Exploratory Data Analysis in R

First look at some data

height_weight <- read.csv("/home/divenyijanos/Dropbox/teaching/Programming_Tools/Fall2015/Data/height_weight.csv")
## Warning in file(file, "rt"): cannot open file '/home/divenyijanos/Dropbox/
## teaching/Programming_Tools/Fall2015/Data/height_weight.csv': No such file
## or directory
## Error in file(file, "rt"): cannot open the connection
summary(height_weight)
## Error in summary(height_weight): object 'height_weight' not found
plot(height_weight)
## Error in plot(height_weight): object 'height_weight' not found

Cleaning

height_weight$height[height_weight$height < 100] <- height_weight$height[height_weight$height < 100]*100
## Error in eval(expr, envir, enclos): object 'height_weight' not found
height_weight$height[height_weight$height > 250] <- height_weight$height[height_weight$height > 250]-100
## Error in eval(expr, envir, enclos): object 'height_weight' not found
height_weight$male <- factor(height_weight$male, labels=c("female", "male"))
## Error in factor(height_weight$male, labels = c("female", "male")): object 'height_weight' not found
summary(height_weight)
## Error in summary(height_weight): object 'height_weight' not found

Package for data analysis

Base R functionality could be a little cumbersome. There are some packages which makes the working with data easier. One of the bests is the package dplyr developed by Hadley Wickham.

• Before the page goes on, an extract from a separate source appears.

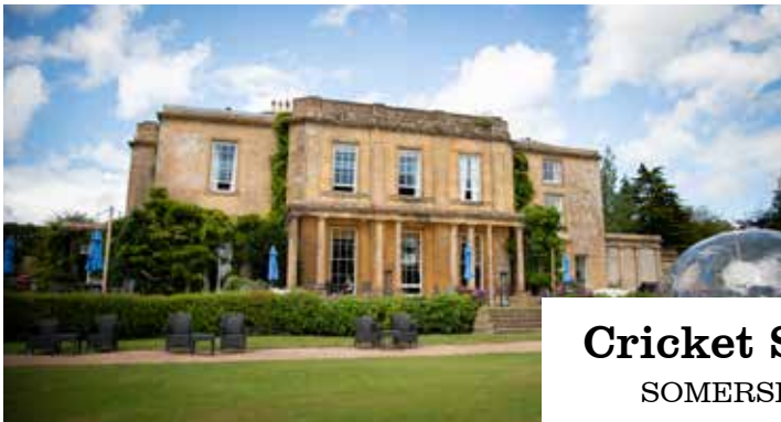
Cricket St. Thomas SOMERSET TA20 4DD
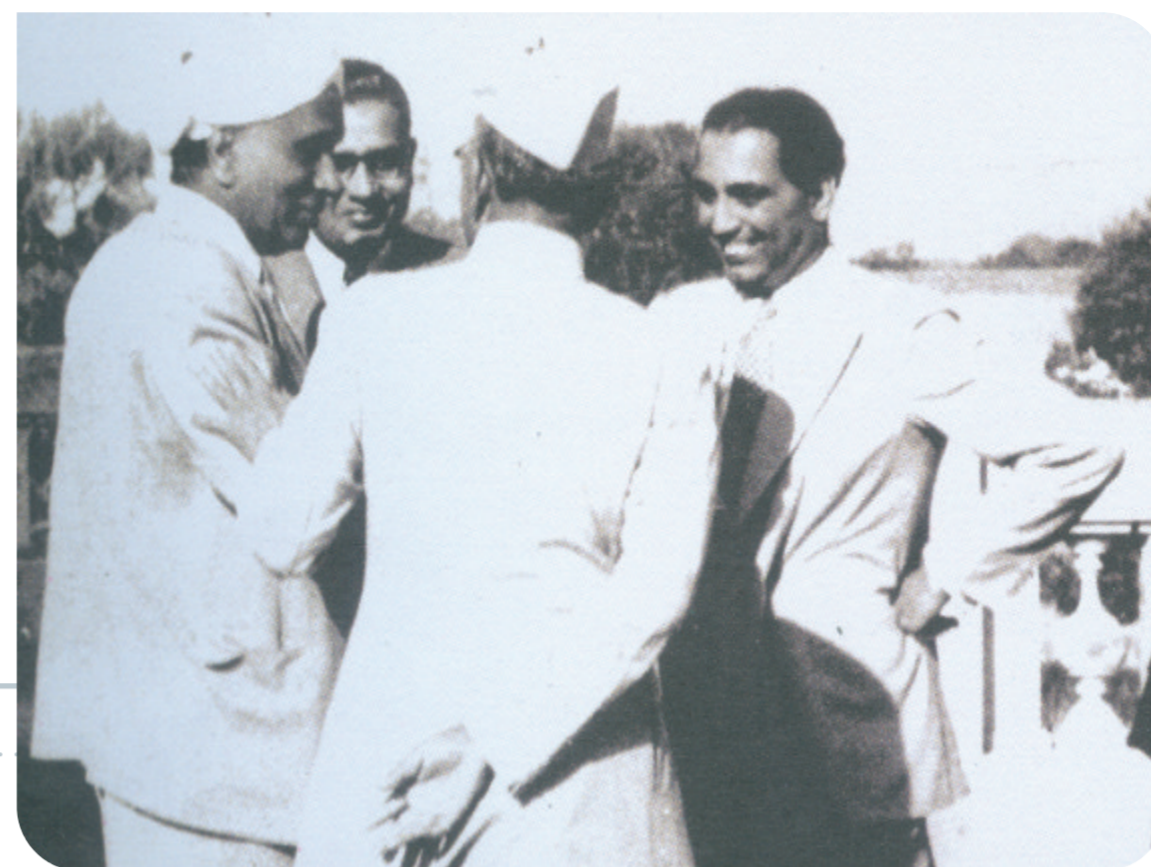
CV Raman with Homi Bhabha and others

# install.packages("dplyr")  # issue this in the first time
library(dplyr)  # load package if you want to use it

The logic of dplyr is built around the most frequent operations in data analysis. You choose certain columns and rows, make some calculations on this subset (sometimes group-wise), and returns the result. This is the same logic which is applied in SQL (if you do not know SQL, do not bother).

This vignette is really helpful in learning the basic commands of dplyr.

The same cleaning task could be accomplished as follows:

height_weight <- read.csv("../Data/height_weight.csv")
## Warning in file(file, "rt"): cannot open file '../Data/height_weight.csv':
## No such file or directory
## Error in file(file, "rt"): cannot open the connection
height_weight <- mutate(
        height_weight,
        height = ifelse(height < 100, height*100, height),
        height = ifelse(height > 250, height - 100, height),
        male = factor(male, labels = c("female", "male"))
    )
## Error in mutate(height_weight, height = ifelse(height < 100, height * : object 'height_weight' not found

Piping operator

The package dplyr loads a new operator %>%. This could further simplifies our life. This works similarly to the piping operator | of unix-type systems (do not bother if you do not know what I am talking about).

If you would like to chain together more function calls (operations), with the piping operator you can pass the result of on call as an argument to the next call.

Let’s calculate the average height of males. The standard logic is to filter for males and then summarize the height.

summarize(filter(height_weight, male == "male"), mean(height))
## Error in filter(height_weight, male == "male"): object 'height_weight' not found

With piping the same call could formulate to better follow the logic: first filter, than summarize the filtered result.

height_weight %>% filter(male == "male") %>% summarize(mean(height))
## Error in eval(lhs, parent, parent): object 'height_weight' not found

Formally, f(x) is the same as x %>% f(). This could result in a much more readable code.